Exercise objective: Using the entries below, copy out all lines where "over" is found.

Available data:
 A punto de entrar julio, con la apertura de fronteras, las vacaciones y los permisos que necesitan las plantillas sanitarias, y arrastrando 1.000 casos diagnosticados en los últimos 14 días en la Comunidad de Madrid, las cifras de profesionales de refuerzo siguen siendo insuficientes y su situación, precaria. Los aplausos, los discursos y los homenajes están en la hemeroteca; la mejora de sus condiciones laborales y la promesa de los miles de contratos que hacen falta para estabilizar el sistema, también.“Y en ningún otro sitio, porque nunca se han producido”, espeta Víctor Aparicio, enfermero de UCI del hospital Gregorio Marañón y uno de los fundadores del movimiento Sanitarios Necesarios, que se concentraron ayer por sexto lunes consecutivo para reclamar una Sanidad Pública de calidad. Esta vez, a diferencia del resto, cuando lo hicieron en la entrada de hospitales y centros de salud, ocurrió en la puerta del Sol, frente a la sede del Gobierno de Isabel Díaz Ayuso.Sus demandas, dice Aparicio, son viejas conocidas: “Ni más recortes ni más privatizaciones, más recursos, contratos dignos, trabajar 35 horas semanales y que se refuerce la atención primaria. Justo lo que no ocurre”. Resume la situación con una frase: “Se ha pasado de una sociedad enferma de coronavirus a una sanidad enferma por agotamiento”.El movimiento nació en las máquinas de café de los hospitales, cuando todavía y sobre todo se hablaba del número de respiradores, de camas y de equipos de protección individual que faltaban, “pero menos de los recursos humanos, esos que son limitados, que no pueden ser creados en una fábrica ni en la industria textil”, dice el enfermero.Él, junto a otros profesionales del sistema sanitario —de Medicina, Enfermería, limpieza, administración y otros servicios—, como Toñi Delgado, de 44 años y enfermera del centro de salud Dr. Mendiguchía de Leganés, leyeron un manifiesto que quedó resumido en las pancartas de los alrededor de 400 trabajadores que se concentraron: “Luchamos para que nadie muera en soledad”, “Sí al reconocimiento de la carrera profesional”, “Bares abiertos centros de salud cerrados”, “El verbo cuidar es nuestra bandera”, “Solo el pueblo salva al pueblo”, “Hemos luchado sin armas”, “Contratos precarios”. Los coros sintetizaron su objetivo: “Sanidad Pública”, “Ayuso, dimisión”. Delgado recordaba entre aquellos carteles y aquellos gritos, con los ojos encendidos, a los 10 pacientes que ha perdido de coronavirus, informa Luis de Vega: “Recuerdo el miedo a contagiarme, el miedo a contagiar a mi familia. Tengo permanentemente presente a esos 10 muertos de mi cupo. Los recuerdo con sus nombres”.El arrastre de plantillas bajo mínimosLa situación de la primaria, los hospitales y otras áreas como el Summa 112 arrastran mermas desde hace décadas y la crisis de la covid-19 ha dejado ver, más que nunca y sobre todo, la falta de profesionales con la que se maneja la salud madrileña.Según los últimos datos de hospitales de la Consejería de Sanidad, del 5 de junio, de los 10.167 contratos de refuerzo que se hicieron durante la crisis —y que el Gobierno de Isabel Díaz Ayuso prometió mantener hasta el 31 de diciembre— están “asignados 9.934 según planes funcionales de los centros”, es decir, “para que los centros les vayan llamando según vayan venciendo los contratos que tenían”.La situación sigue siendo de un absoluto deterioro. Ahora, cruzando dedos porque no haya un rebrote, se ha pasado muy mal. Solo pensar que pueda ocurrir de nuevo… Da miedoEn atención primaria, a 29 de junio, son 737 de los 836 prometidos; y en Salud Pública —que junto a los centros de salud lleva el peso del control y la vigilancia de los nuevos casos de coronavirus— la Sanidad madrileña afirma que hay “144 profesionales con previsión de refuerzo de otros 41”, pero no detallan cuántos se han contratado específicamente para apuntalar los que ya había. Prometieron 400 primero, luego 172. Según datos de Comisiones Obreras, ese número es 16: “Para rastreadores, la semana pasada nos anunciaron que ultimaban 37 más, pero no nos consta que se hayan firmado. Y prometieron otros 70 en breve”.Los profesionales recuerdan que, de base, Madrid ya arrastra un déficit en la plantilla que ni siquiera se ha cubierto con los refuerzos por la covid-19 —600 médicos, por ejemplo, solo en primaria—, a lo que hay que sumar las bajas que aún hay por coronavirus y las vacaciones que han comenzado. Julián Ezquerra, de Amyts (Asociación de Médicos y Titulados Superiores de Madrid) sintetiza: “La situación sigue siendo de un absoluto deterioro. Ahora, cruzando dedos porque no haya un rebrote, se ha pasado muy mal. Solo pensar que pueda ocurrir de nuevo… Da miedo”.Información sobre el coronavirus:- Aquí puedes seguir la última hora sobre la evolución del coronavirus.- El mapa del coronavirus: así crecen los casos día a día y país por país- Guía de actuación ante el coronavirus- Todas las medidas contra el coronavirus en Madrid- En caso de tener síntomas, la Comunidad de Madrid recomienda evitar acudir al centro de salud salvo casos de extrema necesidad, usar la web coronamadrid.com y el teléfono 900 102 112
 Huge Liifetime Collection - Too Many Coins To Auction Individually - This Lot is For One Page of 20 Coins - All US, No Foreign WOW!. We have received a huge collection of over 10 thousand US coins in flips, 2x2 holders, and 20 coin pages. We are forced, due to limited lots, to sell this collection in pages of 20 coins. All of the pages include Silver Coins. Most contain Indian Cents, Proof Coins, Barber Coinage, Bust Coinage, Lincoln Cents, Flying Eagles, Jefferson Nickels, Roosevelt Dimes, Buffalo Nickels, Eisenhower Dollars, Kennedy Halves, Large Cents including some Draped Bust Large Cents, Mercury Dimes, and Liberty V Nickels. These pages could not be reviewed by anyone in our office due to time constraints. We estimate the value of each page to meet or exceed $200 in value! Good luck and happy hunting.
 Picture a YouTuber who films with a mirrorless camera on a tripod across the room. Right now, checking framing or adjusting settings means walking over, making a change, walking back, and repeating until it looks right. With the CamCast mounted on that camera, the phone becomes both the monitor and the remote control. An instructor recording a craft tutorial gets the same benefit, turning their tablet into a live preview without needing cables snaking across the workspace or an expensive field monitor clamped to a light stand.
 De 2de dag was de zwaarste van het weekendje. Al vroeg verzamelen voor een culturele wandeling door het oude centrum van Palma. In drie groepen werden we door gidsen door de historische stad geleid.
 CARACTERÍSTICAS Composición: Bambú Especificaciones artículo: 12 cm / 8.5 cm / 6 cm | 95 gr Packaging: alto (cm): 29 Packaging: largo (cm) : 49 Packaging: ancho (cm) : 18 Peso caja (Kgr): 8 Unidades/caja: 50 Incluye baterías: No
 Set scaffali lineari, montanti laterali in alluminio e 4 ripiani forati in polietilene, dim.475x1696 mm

Result of the exercise:
 Huge Liifetime Collection - Too Many Coins To Auction Individually - This Lot is For One Page of 20 Coins - All US, No Foreign WOW!. We have received a huge collection of over 10 thousand US coins in flips, 2x2 holders, and 20 coin pages. We are forced, due to limited lots, to sell this collection in pages of 20 coins. All of the pages include Silver Coins. Most contain Indian Cents, Proof Coins, Barber Coinage, Bust Coinage, Lincoln Cents, Flying Eagles, Jefferson Nickels, Roosevelt Dimes, Buffalo Nickels, Eisenhower Dollars, Kennedy Halves, Large Cents including some Draped Bust Large Cents, Mercury Dimes, and Liberty V Nickels. These pages could not be reviewed by anyone in our office due to time constraints. We estimate the value of each page to meet or exceed $200 in value! Good luck and happy hunting.
 Picture a YouTuber who films with a mirrorless camera on a tripod across the room. Right now, checking framing or adjusting settings means walking over, making a change, walking back, and repeating until it looks right. With the CamCast mounted on that camera, the phone becomes both the monitor and the remote control. An instructor recording a craft tutorial gets the same benefit, turning their tablet into a live preview without needing cables snaking across the workspace or an expensive field monitor clamped to a light stand.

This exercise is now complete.